The aim of this work was an experimental study of the functional activity of neutrophils and peripheral blood monocytes in rats with the transplanted Walker carcinosarcoma as potential predictors of the sensitivity of this tumor to doxorubicin treatment.

2. Materials and Methods

Experimental animals and tumors. The research was conducted on female Wistar rats 2.5 months old weighing of 185.0 ± 13.8 g, bred in an animal facility at R.E. Kavetsky Institute of Experimental Pathology, Oncology and Radiobiology of the National Academy of Sciences of Ukraine. Animals were kept in vivarium with the standard light and food regimen (water and nutrition ad libitum). In total, 70 animals were used (including rats that were used to development of a doxorubicin-resistant variant of the Walker 256 carcinosarcoma strain).

The research was carried out per under the “Procedure for Conducting Scientific Experiments on Animals by the Scientific Institutions” (Ukraine, 2012), which is per under the provisions of the European Convention on the Protection of Vertebrate Animals Used for Experiments and Other Scientific Purposes (Starburg, 1986).

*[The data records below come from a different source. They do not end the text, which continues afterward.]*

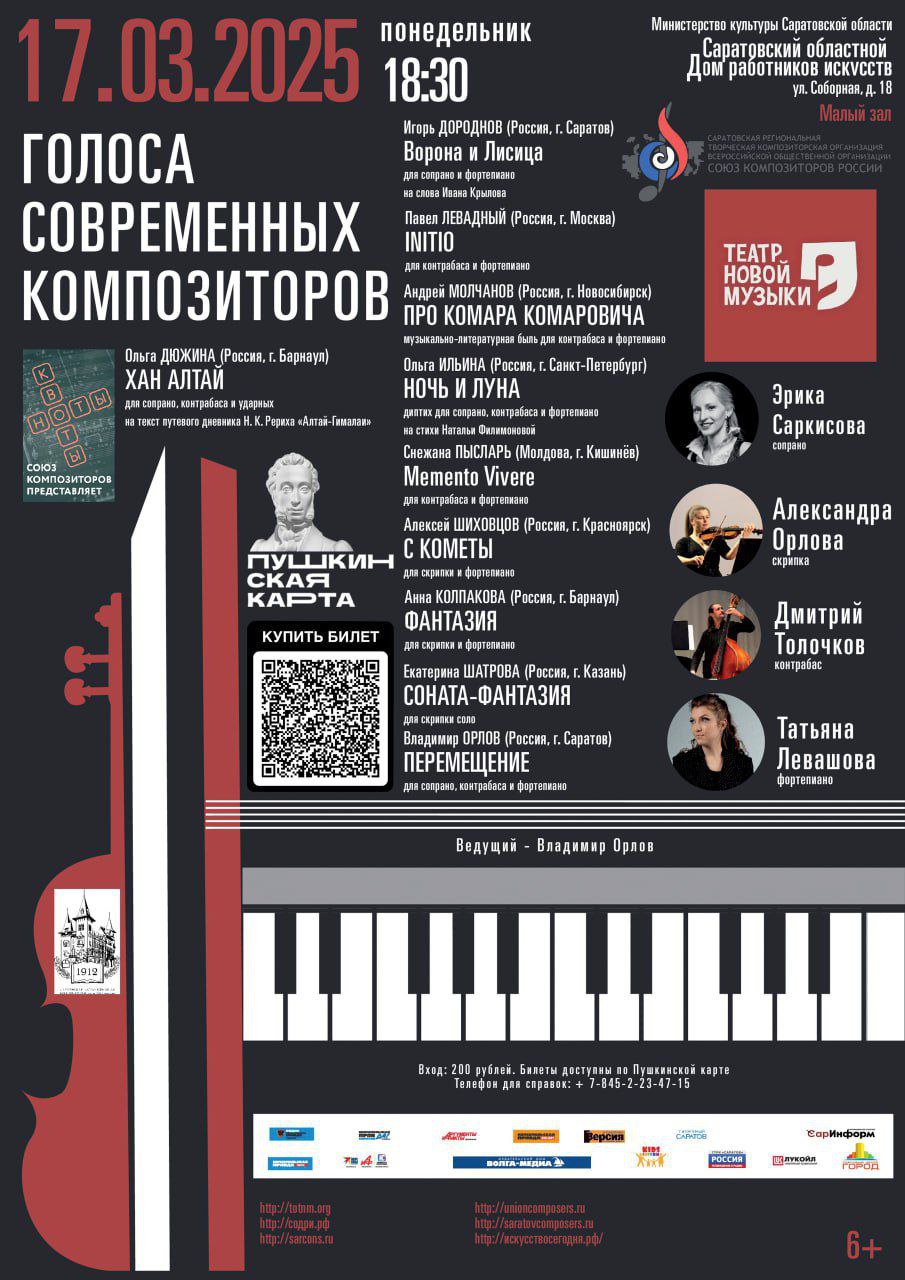 Услышать «Голоса современных композиторов» в Саратове можно будет дважды: 17 марта в 18:30 в Саратовском областном доме работников искусств и 9 апреля в 18:30 в Малом зале Саратовской консерватории
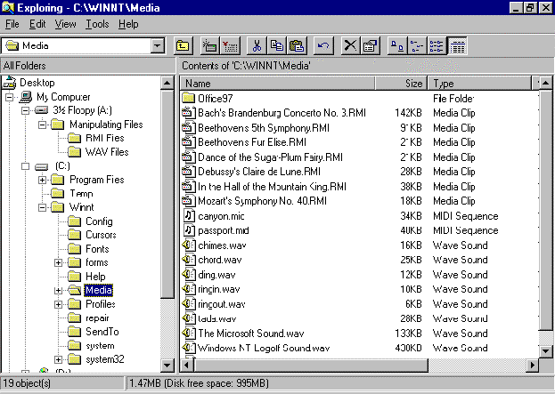 - Scroll up the Folders pane until you see the file WAV Files. Windows NT Explorer should look similar to that shown below.
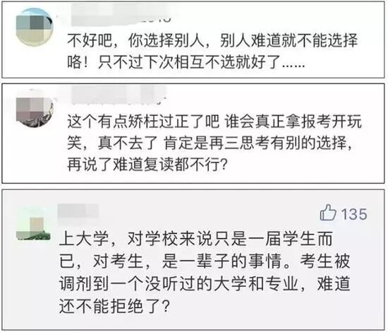 但也有媒体认为这事儿真的不能怪考生:问题不在考生,在学校。因为学校没有权力来根据历年数据进行超额录取。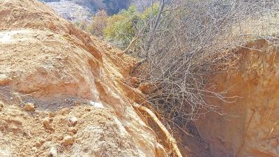 从渣土堆的边缘往下看,沟底的一片大叶女贞树被压得七歪八斜,边缘处一些还没被渣土吞没的树,也只露出一些树梢,奄奄一息。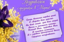 Дорогие женщины, заботливые, умные, добрые, мамочки, сестрички, бабушки, подружки, мы желаем Вам радости, яркого весеннего настроения, любви и семейного благополучия. Пусть приятные воспоминания, которые подарит праздник, сохранятся в вашей душе на весь год. Будьте здоровы и счастливы!

In the study, two variants of Walker 256 carcinosarcoma were used the initial parental strain and its variant resistant to doxorubicin. The development of doxorubicin-resistant variant of the strain (DOX, Doxorubicin Teva, Pharmachemie BV, the Netherlands) was performed according to the procedure described in [10]. Briefly, at the first step, a 20% suspension of cells of the original variant of Walker carcinosarcoma was transplanted in the thigh of animals. When the tumor developed to a volume of 0.5 cm³, rats were administered with DOX once daily for 6 days at a total dose of 9.0 mg/kg [10]. The next day after treatment termination, anesthetized animals were slaughtered under anesthesia (Sedazin, Biowet Pulawy, Poland), the tumors were withdrawn and used to prepare a 20% tumor cell suspension, which was transplanted to rats for the next stage of resistance formation according to a scheme similar to the first step. In total, 7 stages of tumor transplantation have been performed.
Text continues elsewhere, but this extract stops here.